[Source data — start]

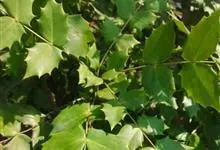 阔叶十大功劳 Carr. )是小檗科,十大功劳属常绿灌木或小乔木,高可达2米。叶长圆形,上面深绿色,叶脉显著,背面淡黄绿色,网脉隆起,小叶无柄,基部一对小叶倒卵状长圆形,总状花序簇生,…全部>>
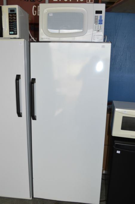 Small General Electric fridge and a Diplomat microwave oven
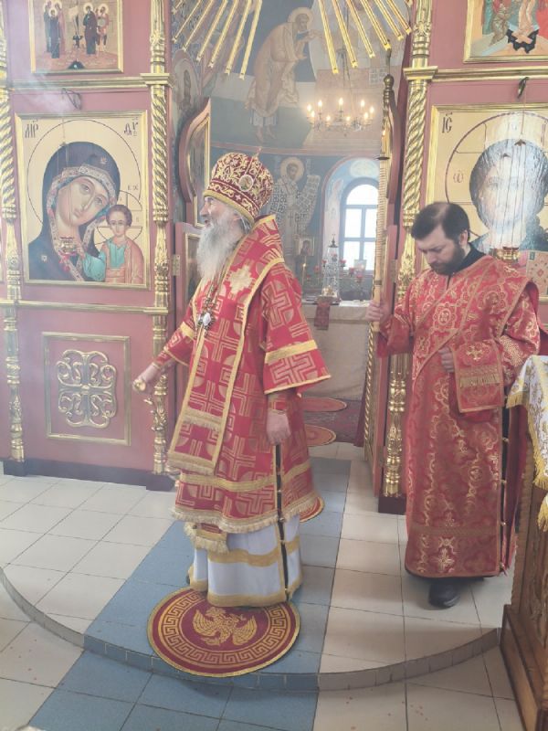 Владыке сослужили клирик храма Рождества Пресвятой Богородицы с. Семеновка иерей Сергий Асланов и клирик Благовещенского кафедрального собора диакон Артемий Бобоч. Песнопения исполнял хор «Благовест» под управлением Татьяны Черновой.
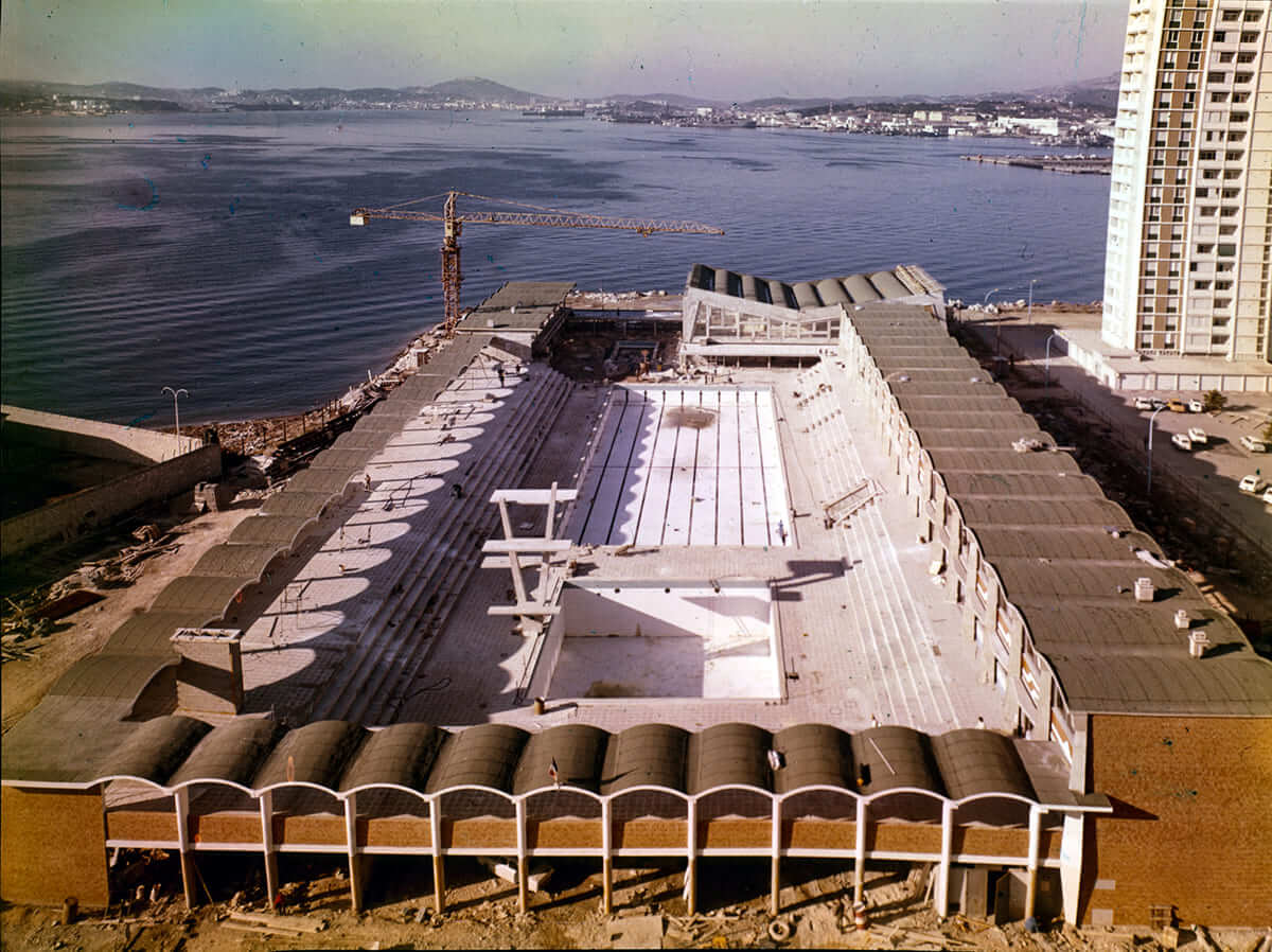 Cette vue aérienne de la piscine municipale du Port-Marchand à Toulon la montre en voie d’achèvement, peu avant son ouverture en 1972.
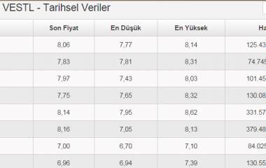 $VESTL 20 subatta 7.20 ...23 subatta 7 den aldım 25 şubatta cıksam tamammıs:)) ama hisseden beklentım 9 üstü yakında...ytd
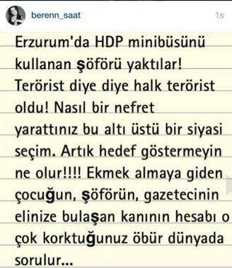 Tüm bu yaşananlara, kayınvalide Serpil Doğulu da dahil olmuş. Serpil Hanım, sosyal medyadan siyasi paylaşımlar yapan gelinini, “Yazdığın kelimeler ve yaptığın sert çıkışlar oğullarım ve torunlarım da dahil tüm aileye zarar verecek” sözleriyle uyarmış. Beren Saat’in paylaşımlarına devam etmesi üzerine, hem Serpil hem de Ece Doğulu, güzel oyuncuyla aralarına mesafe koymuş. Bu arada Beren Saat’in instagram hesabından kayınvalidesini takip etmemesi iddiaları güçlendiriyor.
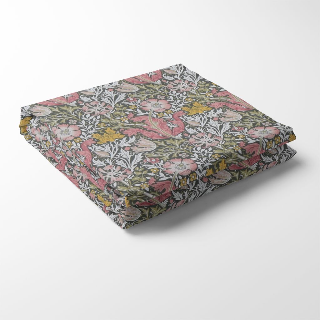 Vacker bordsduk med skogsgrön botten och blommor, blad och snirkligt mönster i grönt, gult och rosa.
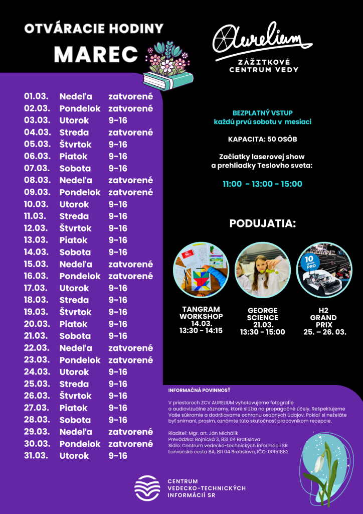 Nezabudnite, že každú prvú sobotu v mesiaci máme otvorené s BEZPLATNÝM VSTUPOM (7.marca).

[Source data — finish]

(Task instructions) Nothing should appear in the answer except the lines from the first line of the data through the line holding "9 üstü yakında...ytd", exactly as written, with pictures left out.

(Output for this task)
 阔叶十大功劳 Carr. )是小檗科,十大功劳属常绿灌木或小乔木,高可达2米。叶长圆形,上面深绿色,叶脉显著,背面淡黄绿色,网脉隆起,小叶无柄,基部一对小叶倒卵状长圆形,总状花序簇生,…全部>>
 Small General Electric fridge and a Diplomat microwave oven
 Владыке сослужили клирик храма Рождества Пресвятой Богородицы с. Семеновка иерей Сергий Асланов и клирик Благовещенского кафедрального собора диакон Артемий Бобоч. Песнопения исполнял хор «Благовест» под управлением Татьяны Черновой.
 Cette vue aérienne de la piscine municipale du Port-Marchand à Toulon la montre en voie d’achèvement, peu avant son ouverture en 1972.
 $VESTL 20 subatta 7.20 ...23 subatta 7 den aldım 25 şubatta cıksam tamammıs:)) ama hisseden beklentım 9 üstü yakında...ytd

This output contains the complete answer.